• DOLAR 34.573
  • EURO 36.213
  • ALTIN 3016.271
  • ...

Bismihi Teâlâ                                                                                                                  

(…)

  Her türlü terbiyesizliği yapacaksın, sonra da ‘aklı yerinde’ değil diye işin içinden çıkacaksın. O, ne güzel bir formül, bundan daha iyisi mi var(?!) Hani kusurunu kabul etse ya da bu halden ötürü tedavi görse; diyecek bir şey yok.  Ya rapor alır ya da tımarhaneyi boylar.
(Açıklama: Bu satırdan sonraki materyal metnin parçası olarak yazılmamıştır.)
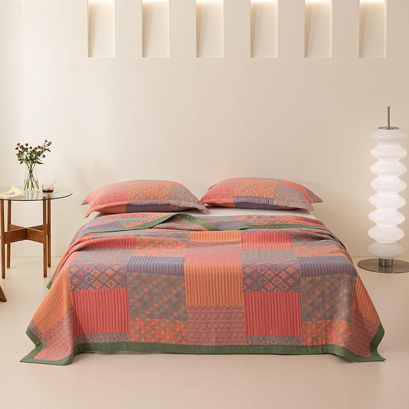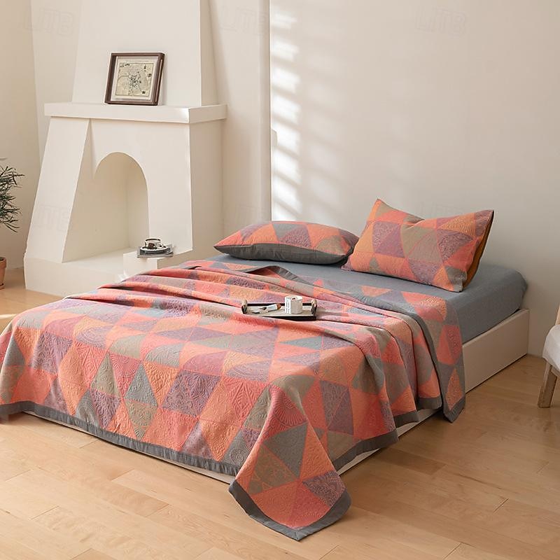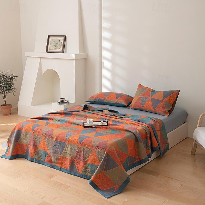 Highlights [Fabric] Crafted from 100% high-quality cotton, this air-conditioning blanket features a 3-layer gauze construction ensuring optimal breathability and a smooth touch. The natural cotton fabric offers a gentle and cozy experience, suitable for all skin types, making it an excellent choice for year-round use. [Style] The blanket showcases a vibrant geometric pattern featuring triangles in shades of orange, teal, and green, perfect for adding a splash of color to your home. Its design provides a textured appearance that complements a variety of interior styles, from bohemian to contemporary. [Design Highlights] The intricate detailing on the fabric suggests an embossed or embroidered texture, providing a tactile depth that enhances its visual appeal. The current geometric pattern infuses personality and vibrancy into the blanket, making it a standout piece in any room. [Occasions] Ideal for use as an air-conditioning blanket during summer, a cozy throw during cooler months, or a decorative bed cover anytime. It’s a versatile addition to your bedding collection, offering function and style for various settings, like a living room or bedroom. [Size Range] Available in multiple sizes including 200x240cm, 250x240cm, 150x240cm, and 220x240cm, this blanket is designed to fit a variety of bed sizes and preferences, ensuring there’s a perfect fit for every home.
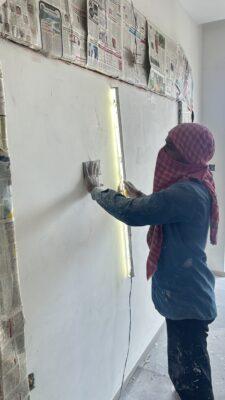 Putty finished emulsion paint for internal walls and enamel paint for doors and window grills, external walls will be emulsion painted
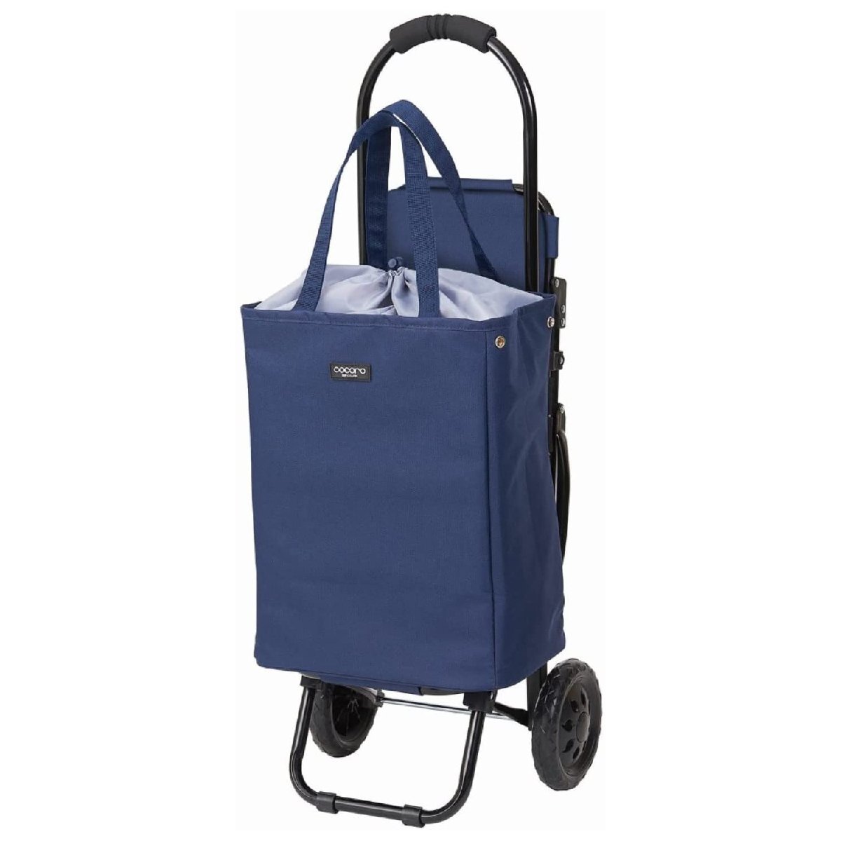 - 保冷 保温 スチールフレームで軽くて丈夫なショッピングカート 30×18.5×高さ40.5cm ネイビー トートバッグにも 折り畳みイス
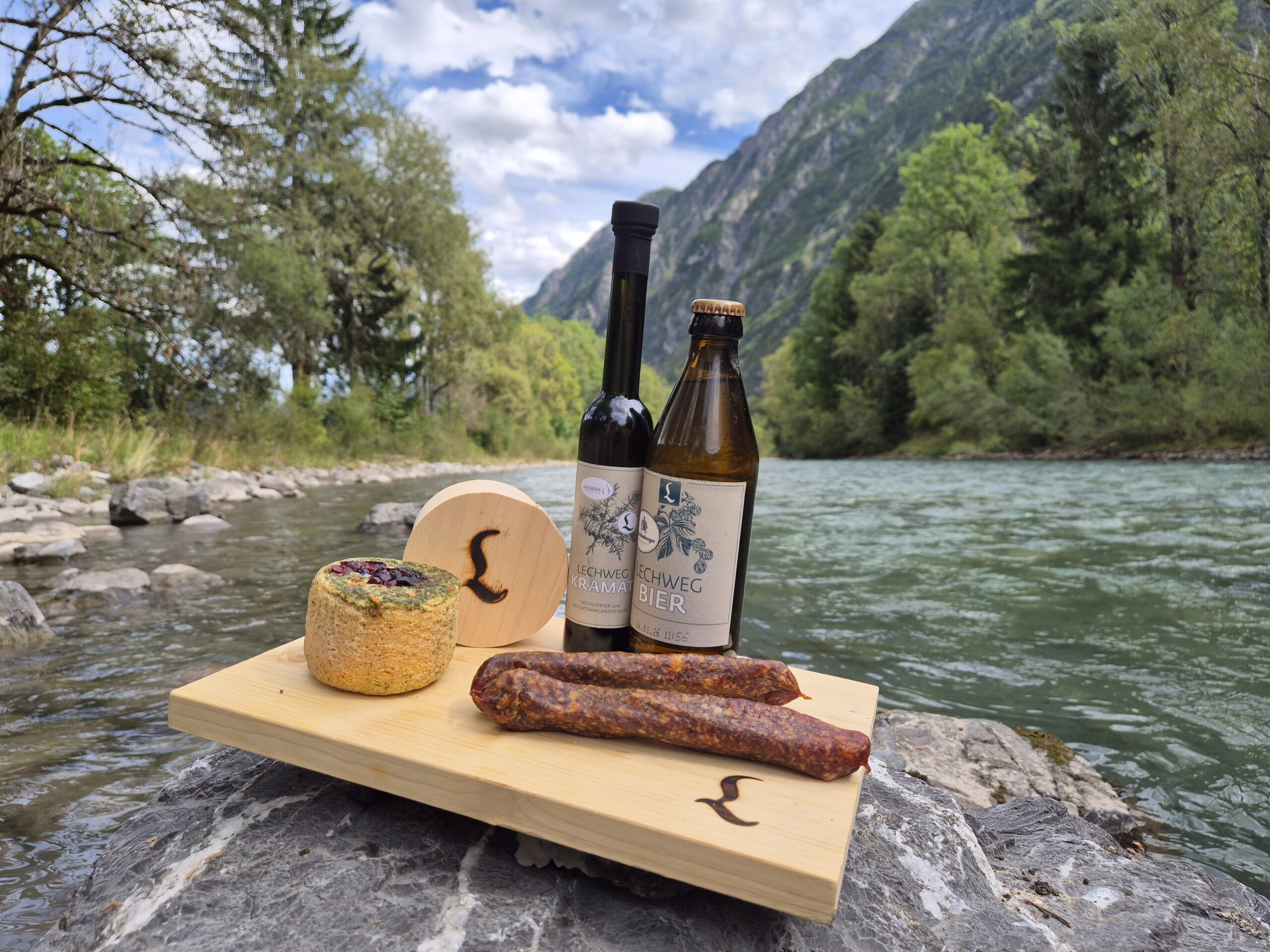 Wer den gesamten Lechweg absolviert, sollte die verdienten Pausen zwischen den einzelnen Tagesetappen nicht nur zum Schlafen und Relaxen nutzen. Denn auf den 125 Kilometern von der Quelle am Vorarlberger Formarinsee bis zum Lechfall im Allgäu warten regionale Erzeuger mit verschiedensten kulinarischen Genüssen auf – und freuen sich über Besucher: Die Auswahl reicht von den Gehrnerhof-Kaminwurzen aus Warth am Arlberg über den Lechweg-Gin vom Lechtaler Haussegen in Elbigenalp und den feinen Käse „Beeriger Lechtler“ von der Naturkäserei Soier in Steeg bis hin zum Lechlüfterl aus den edelsten Stücken der Rinder des Gorihofs in Reutte. Und wenn‘s mal kalt werden sollte, hilft der Lechweg-Tee mit Selbstgesammeltem von den Lechtaler Kräuterhexen. Allen Lechweg-Produkten gemein ist der Lokalkolorit des Landstrichs zwischen Österreich und Deutschland, der die fünf Regionen Lech am Arlberg, Warth am Arlberg, Tiroler Lechtal, Reutte/Tirol und schliesslich das bayerische Füssen durch einen der letzten Wildflüsse Europas und die grenzüberschreitende Weitwanderung verbindet.
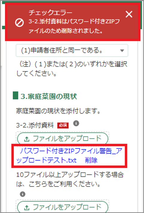 パスワード付きzipファイルについて パスワード付きzipファイルをアップロードした場合、画面上部にエラーが表示されます。 また、アップロードしたzipファイルは破棄され、「パスワード付きZIPファイル警告_〇〇.txt」が生成されます(〇〇にはアップロードしたファイル名が入ります)。 パスワードが付いていないzipファイルを再度アップロードしてください。 ※「パスワード付きZIPファイル警告_〇〇.txt」の文字列をタップするとダウンロードされ、エラーの理由を確認できます。 ※生成された「パスワード付きZIPファイル警告_〇〇.txt」は申請提出前に削除してください。
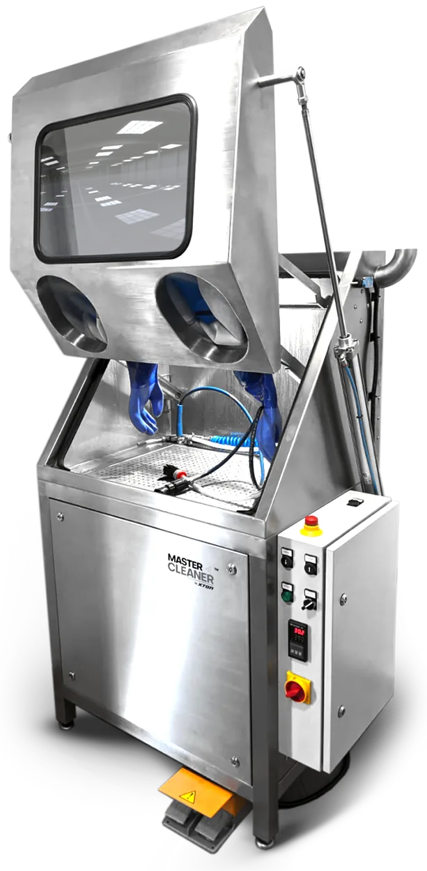 Workshop high-pressure washer constructed of AISI 304 stainless steel and AISI 316 acid-resistant steel dedicated to professional applications in wide industry. It works in a closed circuit at a temperature of 45°C. Cleaning efficiency is enhanced by XTON Active Cleaner fluid and properly adjusted temperature and pressure from the gun nozzle. Standard equipment includes a compressed air gun and a low-pressure overflow brush. The tank has a capacity of 90 liters. The chamber of the washer is pneumatically lifted and the adjustable height ensures comfortable use.
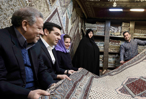 Ντυμένη σύμφωνα με τις θρησκευτικές παραδόσεις του Ιράν εμφανίστηκε στο πλευρό του πρωθυπουργού Αλέξη Τσίπρα η σύντροφός του, Μπέτυ Μπαζιάνα, κατά την εκεί επίσημη επίσκεψη του κυβερνητικού κλιμακίου.

Böylelerine zaten kimse bir şey de demez… Hatta saygı bile duyulur. Zira mazeretleri var. Asıl musdarip olduğumuz, anlayışında hastalık olan tiplerdir.

Bu hastalıklı anlayış bakın nerelerde hortluyor? Ona bakalım:

BİR: Toplu taşıma araçlarında,

İKİ: Kentlerin en yoğun olduğu yerlerinde,

ÜÇ: Çarşı, Pazar, AVM’lerde,

DÖRT: Sosyal medyada,

    Akıllara ziyan!.. Hemcinslerine saldıran yaşı kemale ermiş lakin aklı kemale ermekten uzak tipler orda burada görünür hale gelmeye başladı. Kimdir bunlar?..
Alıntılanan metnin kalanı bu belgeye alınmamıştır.